## The problem:
With the pictures left out, copy the records below exactly from the first line down to the line holding "The robust steel", and include that line.

Provided material START

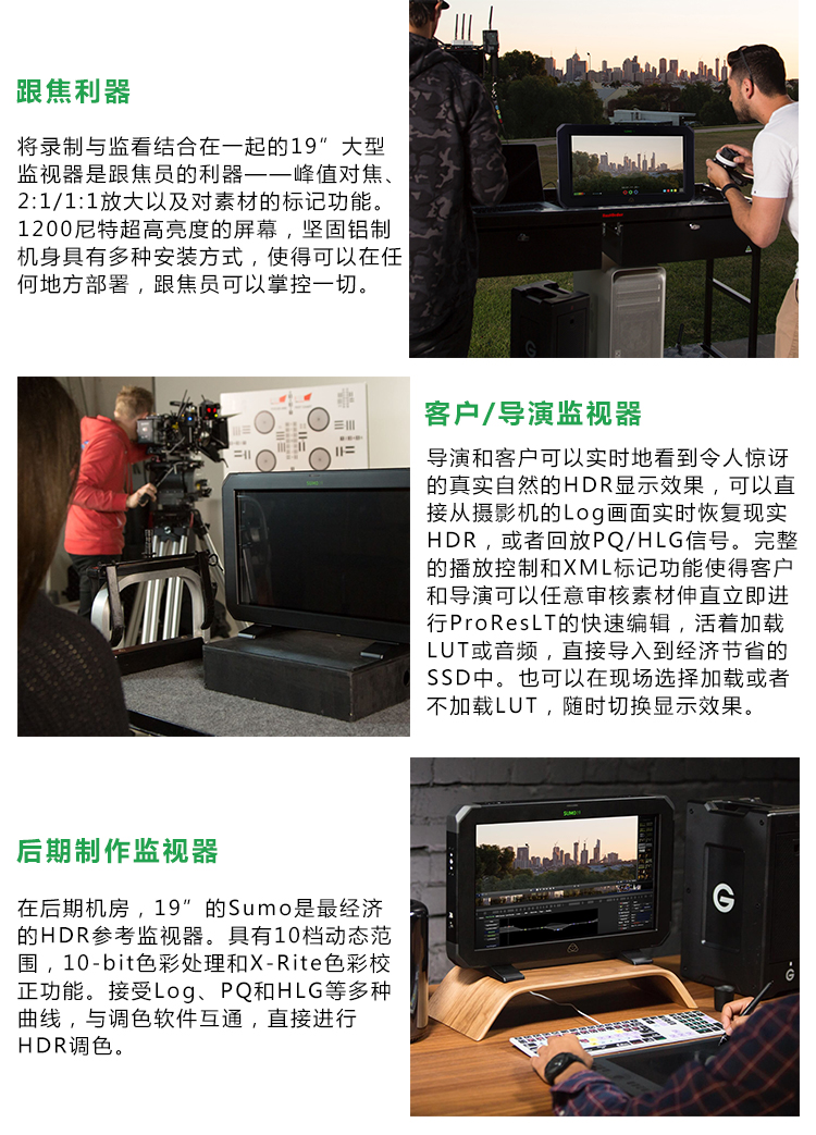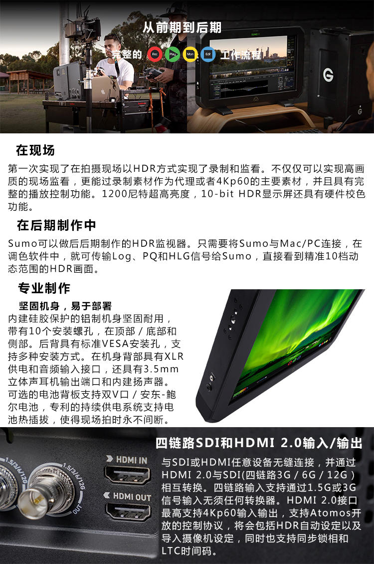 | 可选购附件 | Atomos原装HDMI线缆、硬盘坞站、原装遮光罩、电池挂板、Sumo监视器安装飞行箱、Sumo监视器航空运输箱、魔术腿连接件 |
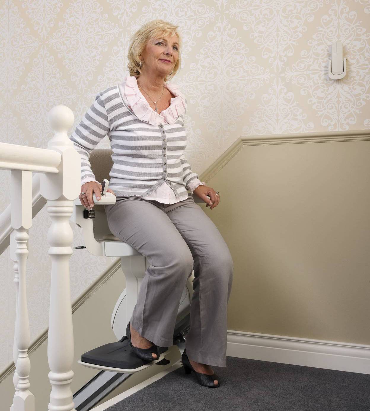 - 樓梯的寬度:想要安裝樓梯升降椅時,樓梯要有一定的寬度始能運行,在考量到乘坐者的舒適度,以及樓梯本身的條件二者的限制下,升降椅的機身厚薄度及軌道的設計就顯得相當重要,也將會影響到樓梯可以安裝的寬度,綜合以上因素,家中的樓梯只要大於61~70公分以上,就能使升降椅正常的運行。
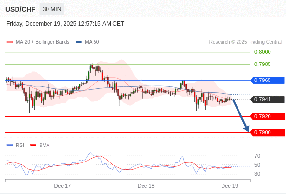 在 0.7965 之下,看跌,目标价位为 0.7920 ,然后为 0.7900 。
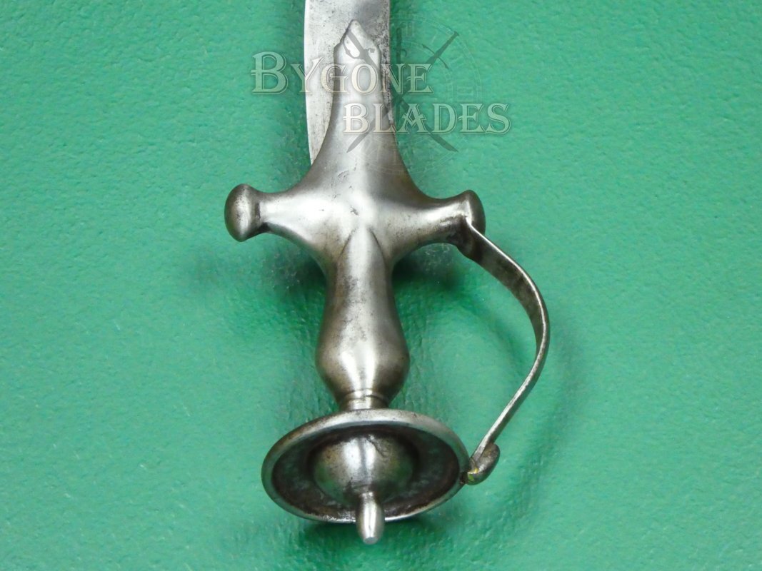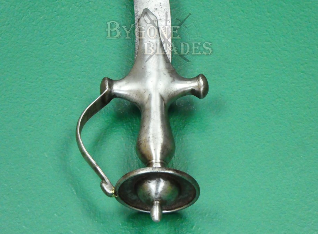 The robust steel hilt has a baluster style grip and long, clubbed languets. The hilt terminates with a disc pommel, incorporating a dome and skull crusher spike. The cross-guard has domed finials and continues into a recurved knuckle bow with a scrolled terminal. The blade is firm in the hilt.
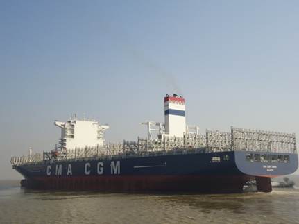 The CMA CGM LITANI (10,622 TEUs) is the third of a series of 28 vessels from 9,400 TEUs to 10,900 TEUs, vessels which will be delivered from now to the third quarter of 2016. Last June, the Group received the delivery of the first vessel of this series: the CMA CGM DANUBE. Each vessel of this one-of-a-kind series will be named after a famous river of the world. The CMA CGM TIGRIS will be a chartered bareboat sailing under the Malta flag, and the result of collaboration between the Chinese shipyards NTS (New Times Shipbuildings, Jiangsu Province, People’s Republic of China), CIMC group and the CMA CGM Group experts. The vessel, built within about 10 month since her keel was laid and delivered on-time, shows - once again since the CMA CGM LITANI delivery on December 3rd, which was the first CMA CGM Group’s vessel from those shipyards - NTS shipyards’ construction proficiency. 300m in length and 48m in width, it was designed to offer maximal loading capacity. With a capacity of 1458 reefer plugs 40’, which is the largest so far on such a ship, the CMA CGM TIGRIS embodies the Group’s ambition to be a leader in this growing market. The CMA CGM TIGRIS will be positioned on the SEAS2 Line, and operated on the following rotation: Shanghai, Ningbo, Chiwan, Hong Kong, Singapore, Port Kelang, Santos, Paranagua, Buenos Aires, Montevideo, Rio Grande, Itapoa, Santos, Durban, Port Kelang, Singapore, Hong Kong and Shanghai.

Provided material END

## Expected answer:
 | 可选购附件 | Atomos原装HDMI线缆、硬盘坞站、原装遮光罩、电池挂板、Sumo监视器安装飞行箱、Sumo监视器航空运输箱、魔术腿连接件 |
 - 樓梯的寬度:想要安裝樓梯升降椅時,樓梯要有一定的寬度始能運行,在考量到乘坐者的舒適度,以及樓梯本身的條件二者的限制下,升降椅的機身厚薄度及軌道的設計就顯得相當重要,也將會影響到樓梯可以安裝的寬度,綜合以上因素,家中的樓梯只要大於61~70公分以上,就能使升降椅正常的運行。
 在 0.7965 之下,看跌,目标价位为 0.7920 ,然后为 0.7900 。
 The robust steel hilt has a baluster style grip and long, clubbed languets. The hilt terminates with a disc pommel, incorporating a dome and skull crusher spike. The cross-guard has domed finials and continues into a recurved knuckle bow with a scrolled terminal. The blade is firm in the hilt.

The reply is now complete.